Start of Material provided

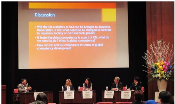
1-(1). Panel Discussion at the UC/UCEAP Osaka Office First-year Anniversary International Symposium

Osaka University is a member of the Association of Pacific Rim Universities (APRU), comprised of top research universities in the Pacific Rim area. In June 2015, Osaka University hosted prestigious APRU's Annual Presidents Meetings with the theme "University as an Agent for Global Transformation." The meeting hosted 106 guests—including 25 presidents— and composed of panel discussions that revisited the mission of universities in the 21st century and discussed the university's role as a proactive instrument of global transformation.
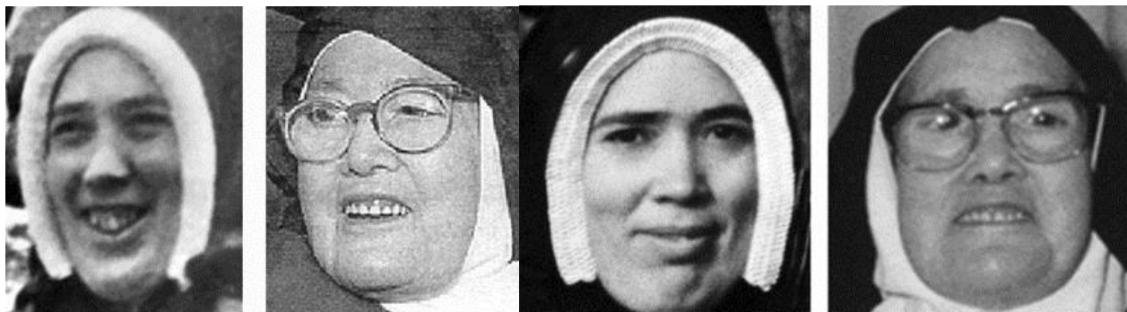
Two Lucias? Earlier and later photographs

Up until about mid-1989, it is claimed that Lucia always insisted neither one of the consecrations by John Paul II were valid. But since about mid-1989, she supposedly began to recognise the validity of the 1984 consecration. She said this was the real one, although she also said that this was her personal opinion, not a supernatural revelation. 40 But we have to ask: was she even saying anything at all about them at this time? Or was her name simply being bandied about by far more powerful figures? A pawn in a gigantic geopolitical Vatican power game?
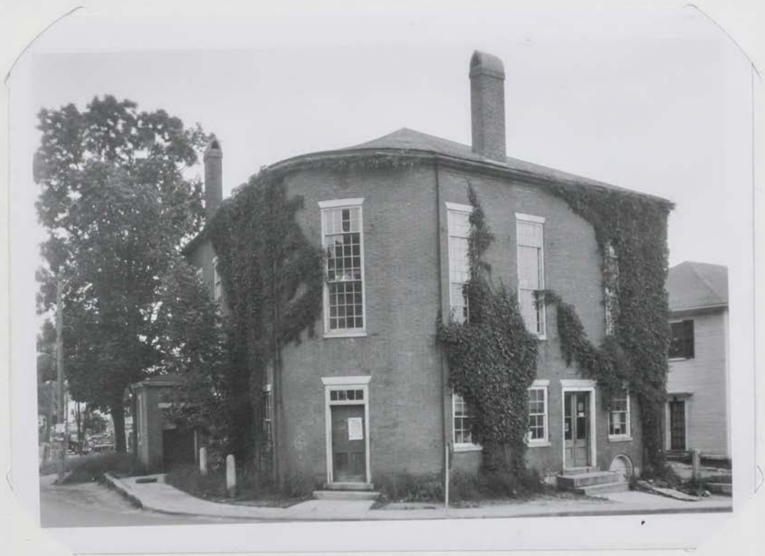
Durham Town Hall HABS No. DH 6
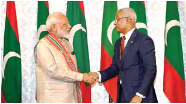
President of Maldives Mr. Ibrahim Mohamed Solih presenting Maldives Highest Honour Order of the Distinguished Rule of Nishan Izzuddeen to PM Shri Narendra Modi in Male, Maldives

End of Material provided

(Task description):
Take the lines from the one that contains "Durham Town Hall HABS No. DH 6" through the last line of the material above and reproduce them exactly, leaving out any pictures.

(Written solution):
Durham Town Hall HABS No. DH 6
President of Maldives Mr. Ibrahim Mohamed Solih presenting Maldives Highest Honour Order of the Distinguished Rule of Nishan Izzuddeen to PM Shri Narendra Modi in Male, Maldives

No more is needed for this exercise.